Le Monde, 14 juillet 2021, Marina Rafenberg
Depuis le coup d’Etat manqué, la Grèce est devenue une terre d’asile pour les gülénistes. Pour le gouvernement turc, c’est un argument de plus pour mobiliser contre Athènes.
A chaque anniversaire du coup d’Etat manqué contre le président turc, Recep Tayyip Erdogan, le 15 juillet, l’ambassade turque à Athènes se rappelle au bon souvenir des autorités grecques. « Nous attendons depuis quatre ans maintenant l’extradition des huit militaires (et d’autres) qui ont fui en Grèce, a-t-elle fait savoir, l’an dernier, sur les réseaux sociaux. Justice doit être faite, le plus tôt possible. » Nul doute que le ton sera tout aussi ferme pour les cinq ans du coup d’Etat, tant l’exil vers la Grèce de certains militaires turcs a contribué à tendre les relations entre les deux pays.

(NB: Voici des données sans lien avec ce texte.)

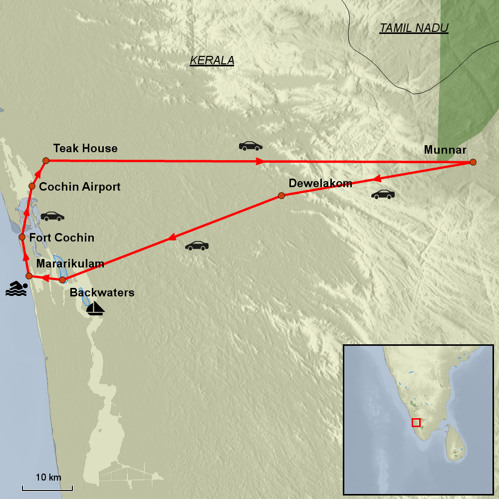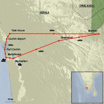 COCHIN – VARAPUZHA – MUNNAR – KODIKULAM – BACKWATERS – MARARIKULAM – COCHIN

Le 16 juillet 2016, six pilotes et deux techniciens, accusés par le régime turc d’avoir participé au coup d’Etat raté et visés par un mandat d’arrêt turc, atterrissaient en hélicoptère à Alexandroupoli, dans le nord de la Grèce, pour y trouver refuge. Recep Tayyip Erdogan avait immédiatement haussé le ton face au premier ministre grec de l’époque, Alexis Tsipras, qui, selon ses dires, lui avait promis l’extradition des militaires. Le ministre des affaires étrangères turc avait alors déclaré que « la Grèce devient un pays qui protège et abrite les putschistes », et avait même été jusqu’à menacer d’annuler l’accord de réadmission des migrants signé avec la Grèce et l’Union européenne. Un chantage que le gouvernement turc a souvent remis sur la table les années suivantes.

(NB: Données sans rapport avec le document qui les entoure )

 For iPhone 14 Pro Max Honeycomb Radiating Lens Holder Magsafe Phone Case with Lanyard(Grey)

La crainte d’éventuels événements
En janvier 2017, la Cour suprême grecque a refusé de remettre les exilés turcs à Ankara. « Deux questions se sont posées aux juges grecs face à ces huit militaires : ont-ils vraiment participé au coup d’Etat ? La Turquie est-elle un Etat de droit qui peut les juger de manière impartiale ? La justice grecque a répondu non à cette dernière interrogation », explique Ioannis N. Grigoriadis, chercheur à la Fondation hellénique pour la politique européenne et étrangère (Eliamep), spécialiste de la Turquie.
« Les huit officiers ont obtenu l’asile en Grèce, ainsi que leurs familles. Mais ils sont surveillés et protégés, pour des raisons de sécurité évidentes », souligne leur avocat, Christos Mylonopoulos. Leurs proches redoutent un éventuel enlèvement de la part des services de renseignement turcs, dans la mesure où plusieurs opérations de ce type ont eu lieu depuis 2016 : au Kirghizistan, avec l’arrestation d’Orhan Inandi, au Kenya, avec celle du neveu du prédicateur Gülen, ou au Kosovo.
« En Grèce, de tels enlèvements n’ont pas eu lieu, mais personne n’est à l’abri avec les services secrets turcs, qui ne cessent d’intensifier leurs activités partout dans le monde, constatePanayotis Tsakonas, professeur en relations internationales à l’université d’Athènes et chercheur à l’Eliamep. Le gouvernement turc pousse actuellement pour que les gülénistes, qui représentent environ 3 % des exilés turcs dans le monde, soient reconnus par l’agence Interpol comme des terroristes, ce qui faciliterait évidemment leur arrestation. »
« Logique de “l’ennemi de mon ennemi est mon ami” »
Les cinq dernières années, environ 20 000 ressortissants turcs sont arrivés en Grèce et près de 9 000 y ont demandé l’asile politique, d’après les services chargés de l’asile. Mais la grande majorité ne reste pas en Grèce et s’envole vers d’autres destinations européennes. Les tensions entre Athènes et Ankara se sont néanmoins amplifiées, avec un pic atteint durant l’été 2020 lorsqu’un navire d’exploration sismique a été envoyé par la Turquie à proximité de l’île grecque de Kastellorizo, dans une zone riche en hydrocarbures.
Encore en janvier 2021, deux militaires turcs contre qui des peines ont été prononcées en Turquie sont arrivés en Grèce par la Crète en naviguant sur un voilier. Puis, quelques jours plus tard, douze autres ont débarqué sur l’île de Rhodes.
« D’après le gouvernement turc, Athènes pourrait utiliser ses ennemis pour lui nuire. Il a même répandu l’idée que le coup d’Etat manqué a été en partie organisé par des réseaux installés en Grèce et rappelle aussi souvent que, dans les années 1980-1990, la Grèce a accueilli des opposants turcs de gauche et des Kurdes, note Panayotis Tsakonas. Mais cette logique de “l’ennemi de mon ennemi est mon ami” tient du mythe. » Preuve en est la capture au Kenya, en 1999, du leader kurde de l’organisation du Parti des travailleurs du Kurdistan (PKK), Abdullah Öcalan, livré ensuite à la Turquie, avait entre autres été rendue possible par des renseignements venus d’Athènes.